**Recorded data:**
:::::

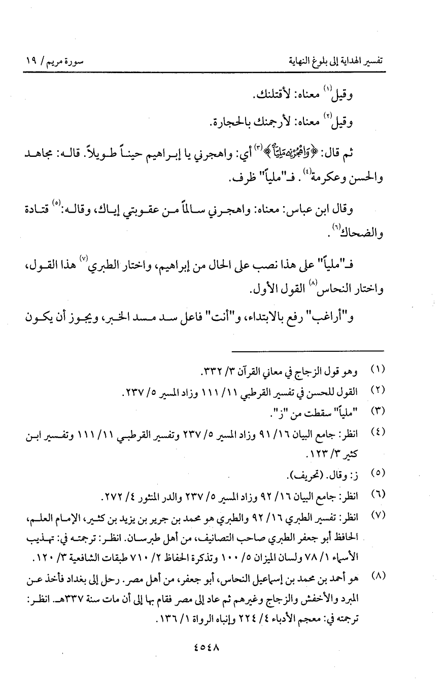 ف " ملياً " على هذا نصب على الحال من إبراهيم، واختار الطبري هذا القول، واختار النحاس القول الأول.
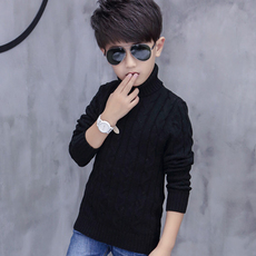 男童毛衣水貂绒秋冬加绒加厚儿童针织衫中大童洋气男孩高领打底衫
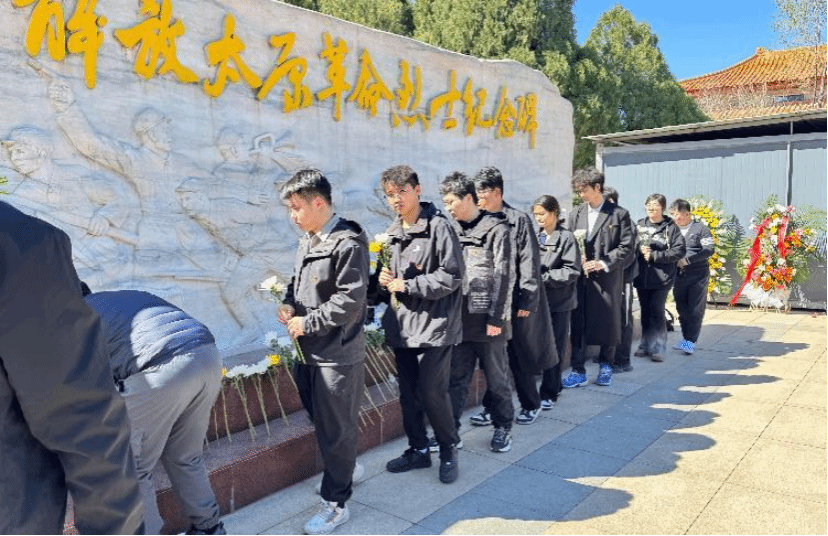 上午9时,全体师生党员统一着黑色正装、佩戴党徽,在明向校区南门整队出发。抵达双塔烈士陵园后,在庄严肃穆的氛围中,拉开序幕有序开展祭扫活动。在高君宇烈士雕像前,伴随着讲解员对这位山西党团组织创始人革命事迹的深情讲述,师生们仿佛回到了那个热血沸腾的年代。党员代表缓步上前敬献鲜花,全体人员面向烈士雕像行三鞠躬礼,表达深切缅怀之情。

:::::

The result should be a word-for-word restatement of all the data, without images.

 ف " ملياً " على هذا نصب على الحال من إبراهيم، واختار الطبري هذا القول، واختار النحاس القول الأول.
 男童毛衣水貂绒秋冬加绒加厚儿童针织衫中大童洋气男孩高领打底衫
 上午9时,全体师生党员统一着黑色正装、佩戴党徽,在明向校区南门整队出发。抵达双塔烈士陵园后,在庄严肃穆的氛围中,拉开序幕有序开展祭扫活动。在高君宇烈士雕像前,伴随着讲解员对这位山西党团组织创始人革命事迹的深情讲述,师生们仿佛回到了那个热血沸腾的年代。党员代表缓步上前敬献鲜花,全体人员面向烈士雕像行三鞠躬礼,表达深切缅怀之情。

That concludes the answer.